7  Data Wrangling

Learning Objectives
  • Identify the rectangular dataset required for a given task.
  • Identify required sequence of steps to get from one rectangular dataset to another.
  • Apply data manipulation verbs (filter(), select(), group_by(), summarize(), mutate()) to get from one rectangular dataset to another
  • Describe step-by-step data cleaning process in lay terms appropriately and understand the consequences of data cleaning steps.

7.1 Welcome to the tidyverse!

Since R is open source, there are many different options for functions that can accomplish the same task. Over time, full sets of functions and packages have been developed with the purpose of working well together for data analysis and visualization.

In this class, we will use the tidyverse set of packages to visualize and wrangle data. This decision impacts the way that we will think about working with data (in a good way - in our opinion!).

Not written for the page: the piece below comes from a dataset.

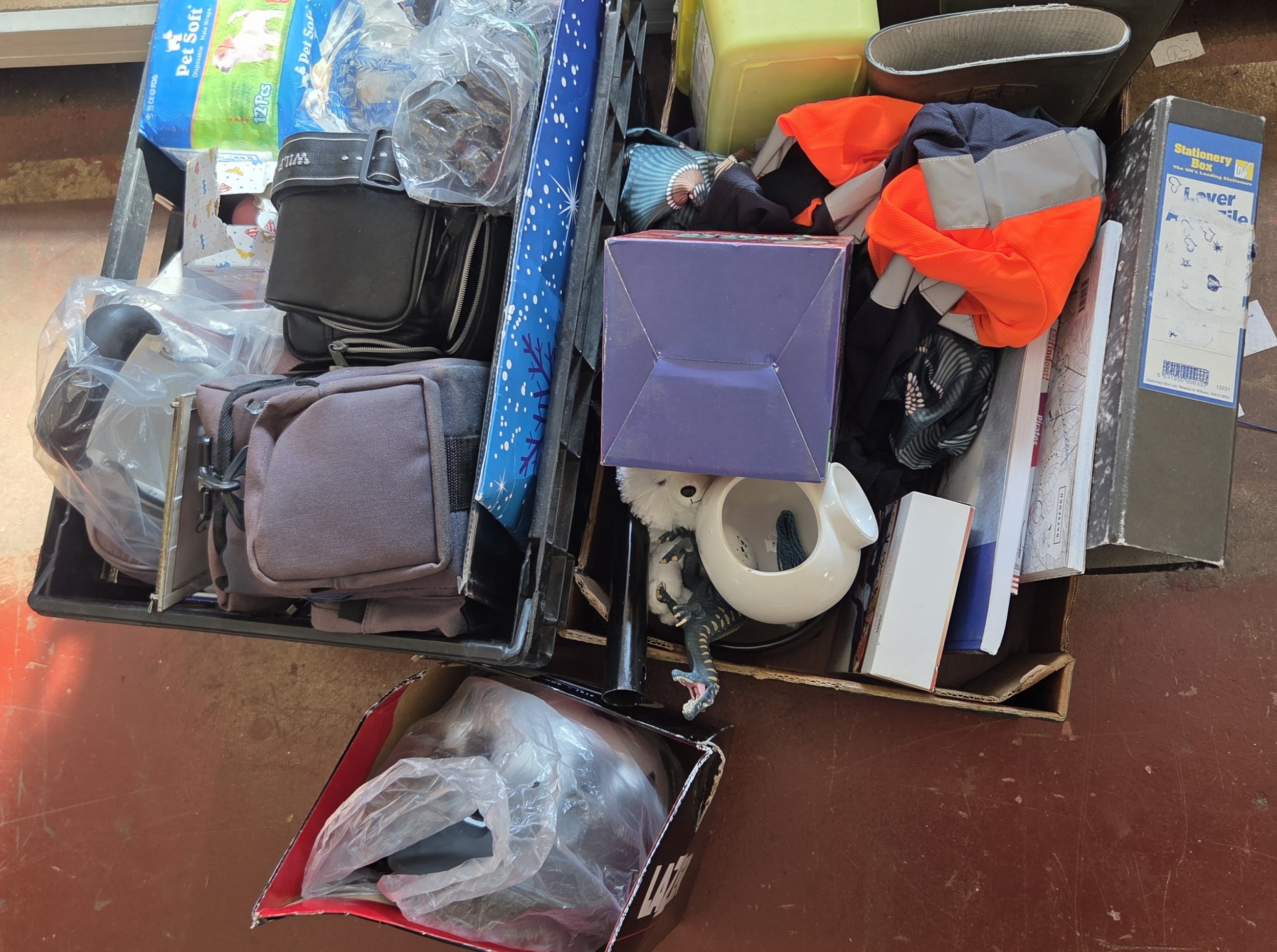 Two Boxes of Household Goods, Pet Supplies, Workwear and Miscellaneous Items

In their own words, the tidyverse developers describe it as:

an opinionated collection of R packages designed for data science. All packages share an underlying design philosophy, grammar, and data structures.1

Most of the functionality you will need for an entire data analysis workflow will have the cohesive grammar of the tidyverse. Already, you have learned how to read in data with readr and visualize data with ggplot2.

7.2 Data Wrangling

We are going to keep working with the cereal dataset in the liver package. Take a minute to remind yourself what the data looks like!

# load liver package
library(liver)

# load cereal data which is included in the package
data(cereal)
head(cereal)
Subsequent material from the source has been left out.